Church in East Sussex, England

Rehoboth Chapel is a former Strict Baptist place of worship in the hamlet of Pell Green in East Sussex, England. Pell Green is in the parish of Wadhurst in Wealden, one of six local government districts in the English county of East Sussex, and stands on the road between the market town of Wadhurst and the village of Lamberhurst in the county of Kent. Built in 1824 to replace an earlier meeting place for local Baptists, it continued in religious use until the late 20th century. The weatherboarded building—now a house—is of a similar design to another Baptist chapel at nearby Shover's Green. The building is Grade II listed.

==History==
Pell Green, one of several tiny settlements in Wadhurst's parish, is about 0.75 mi northeast of the town. In common with many places in Sussex, a county known for its broad range of Christian denominations, a Strict Baptist community developed in the early 19th century. Their first meetings in Pell Green were held in 1818. Six years later, Thomas Kemp founded and built a new chapel immediately to the west of an existing cottage to serve the community. It was successful enough to require regular extensions in its early years; work was carried out in 1828, 1831 and 1841. The original three-bay east–west layout gained a fourth bay to the west, and a lean-to was subsequently attached to this.

Over the years, many memorials in various forms were installed in the chapel, and formed its most important feature. The earliest, dated 1836, commemorated a local woman and was added to as more family members died. In 1844, a memorial to a member of the Kemp family was placed on the south wall; again, more names were added later. Most memorials were in the form of painted wooden boards, although there were also some stone slabs and headstones. Immersion baptism took place in a stream nearby.

The religious census of Sussex in 1851 recorded that the "Rehoboth Calvinistic Baptist Chapel" had 500 sittings, all of which were free; and attendances at morning and afternoon services were given as 235 and 300 respectively. Attendances declined in the 20th century, and in 1986 conversion to a house was suggested. This happened soon afterwards, and the building is still in residential use. Some changes have been made, such as the removal of original shutters on the south-facing windows. The chapel's registration for the solemnisation of marriages was formally cancelled by the General Register Office in March 1980.

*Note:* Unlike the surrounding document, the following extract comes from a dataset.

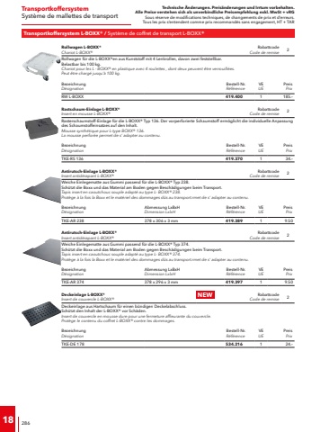 Technische %u00c4nderungen. Preis%u00e4nderungen und Irrtum vorbehalten.Alle Preise verstehen sich als unverbindliche Preisempfehlung exkl. MwSt + vRGSous r%u00e9serve de modifications techniques, de changements de prix et d%u2019erreurs. Tous les prix s%u2018entendent comme prix recommand%u00e9s sans engagement, HT + TAR546Akku-MaschinenMachines %u00e0 batterieTechnische DatenAkku-Spannung12VAkku-Kapazit%u00e4t2.5 / 5.0 AhLeerlaufhubzahl800 %u2013 3%u2018000 1/minHub23 mmPedelhubstufen4 StufenDrehzahlstufen1-5 +A StufenSchwenkbereich0-45%u00b0Max. Materialst%u00e4rke Holz90 mmMax. Materialst%u00e4rke Metall10 mmAbmessung LxBxH220 x 69 x 183 mmGewicht ohne Akkupack1.46 kgCaract%u00e9ristiques techniquesTension de batterie12VCapacit%u00e9 de batterie2.5 / 5.0 AhVitesse de cycle %u00e0 vide800 %u2013 3%u2018000 tr/minCourse23 mmNiveaux de mouvement pendulaire4 niveauxNiveaux de vitesse1-5 +A nixeauxPlage de pivotement0-45%u00b0%u00c9paisseur de mat%u00e9riau max. bois90 mm%u00c9paisseur de mat%u00e9riau max. m%u00e9tal10 mmDimension LxlxH220x69x183mmPoids sans batterie1.46 kgJSP 12-ECBestell-Nr.R%u00e9f%u00e9renceGTINRabattcodeCode de remisePreisPrixAkku-Stichs%u00e4ge 12V Scie sauteuse %u00e0 batterie 12V531.31740302932515711240.%u2013 exkl. MwSt. hors TVA 0.56 vRGTARNEWLieferumfang1x Spanflugschutz geschlossen1x Spannreissschutz490.2291x Saugadapter %u00d8 271x Innensechskantschl%u00fcssel, SW 31x Gleitschuh1x Koffereinlage533.1661x Transportkoffer L-BOXX%u00ae414.085Equipement de base1x protection contre la projection de copeaux ferm%u00e9e1x protection contre les %u00e9clats490.2291x adaptateur d%u2018aspiraton %u00d8 271x cl%u00e9 allen, SW 31x patin coulissant1x insert pour coffret533.1661x coffret de transport L-BOXX%u00ae414.085Technische DatenAkku-Spannung12VAkku-Kapazit%u00e4t2.5 / 5.0 AhLeerlaufhubzahl0 %u2013 3%u2018000 1/minHub16 mmMax. Materialst%u00e4rke Holz90 mmMax. Materialst%u00e4rke Metall60 mmAbmessung LxBxH330 x 75 x 138 mmGewicht ohne Akkupack1.5 kgCaract%u00e9ristiques techniquesTension de batterie12VCapacit%u00e9 de batterie2.5 / 5.0 AhVitesse de cycle %u00e0 vide0 %u2013 3%u2018000 tr/minCourse16 mm%u00c9paisseur de mat%u00e9riau max. bois90 mm%u00c9paisseur de mat%u00e9riau max. m%u00e9tal60 mmDimension LxlxH330x75x138mmPoids sans batterie1.5 kgRS 16 12-EC CBestell-Nr.R%u00e9f%u00e9renceGTINRabattcodeCode de remisePreisPrixLeistungsstarke Akku-S%u00e4bels%u00e4ge 12V Puissante scie sabre %u00e0 batterie 12V531.31440302932515401190.%u2013 exkl. MwSt. hors TVA 0.56 vRGTARNEWTechnische DatenAkku-Spannung12VAkku-Kapazit%u00e4t2.5 / 5.0 AhLeerlaufhubzahl0 %u2013 3%u2018000 1/minHub16 mmMax. Materialst%u00e4rke Holz90 mmMax. Materialst%u00e4rke Metall60 mmAbmessung LxBxH330 x 75 x 138 mmGewicht ohne Akkupack1.5 kgCaract%u00e9ristiques techniquesTension de batterie12VCapacit%u00e9 de batterie2.5 / 5.0 AhVitesse de cycle %u00e0 vide0 %u2013 3%u2018000 tr/minCourse16 mm%u00c9paisseur de mat%u00e9riau max. bois90 mm%u00c9paisseur de mat%u00e9riau max. m%u00e9tal60 mmDimension LxlxH330x75x138mmPoids sans batterie1.5 kgRS 16 12-ECBestell-Nr.R%u00e9f%u00e9renceGTINRabattcodeCode de remisePreisPrixLeistungsstarke Akku-S%u00e4bels%u00e4ge 12V Puissante scie sabre %u00e0 batterie 12V531.31540302932515571240.%u2013 exkl. MwSt. hors TVA 0.56 vRGTARNEWLieferumfang1x Koffereinlage533.1681x Transportkoffer L-BOXX%u00ae414.085Equipement de base1x insert pour coffret533.1681x coffret de transport L-BOXX%u00ae414.085Das passende Zubeh%u00f6r finden Sie ab der Seite 46.Vous trouverez les accessoires correspondants %u00e0 partir de la page 46.Das passende Zubeh%u00f6r finden Sie ab der Seite 46.Vous trouverez les accessoires correspondants %u00e0 partir de la page 46.

The Rehoboth Chapel was Grade II listed on 12 April 1978.

==Architecture==
The chapel is a weatherboarded single-storey building with timber-framed walls and a slate-tiled roof with eaves. The construction date of 1824 is visible on a stone on the exterior. The three original bays have, from east to west, a large round-arched window, a doorway with a straight hood mould, and another window in the same style. The westernmost bay has an identical window and a small door, again flat-hooded. The windows are sashes and originally had wooden shutters.

The building was mostly of timber construction inside. A three-sided gallery was held up by wooden columns with decorative mouldings at the top and bottom, and three king posts supported the roof (two in the original part of the chapel and one in the western extension). The extension is given further structural stability by five iron columns on the north side. Seven burial vaults with brick walls survive underneath the chapel.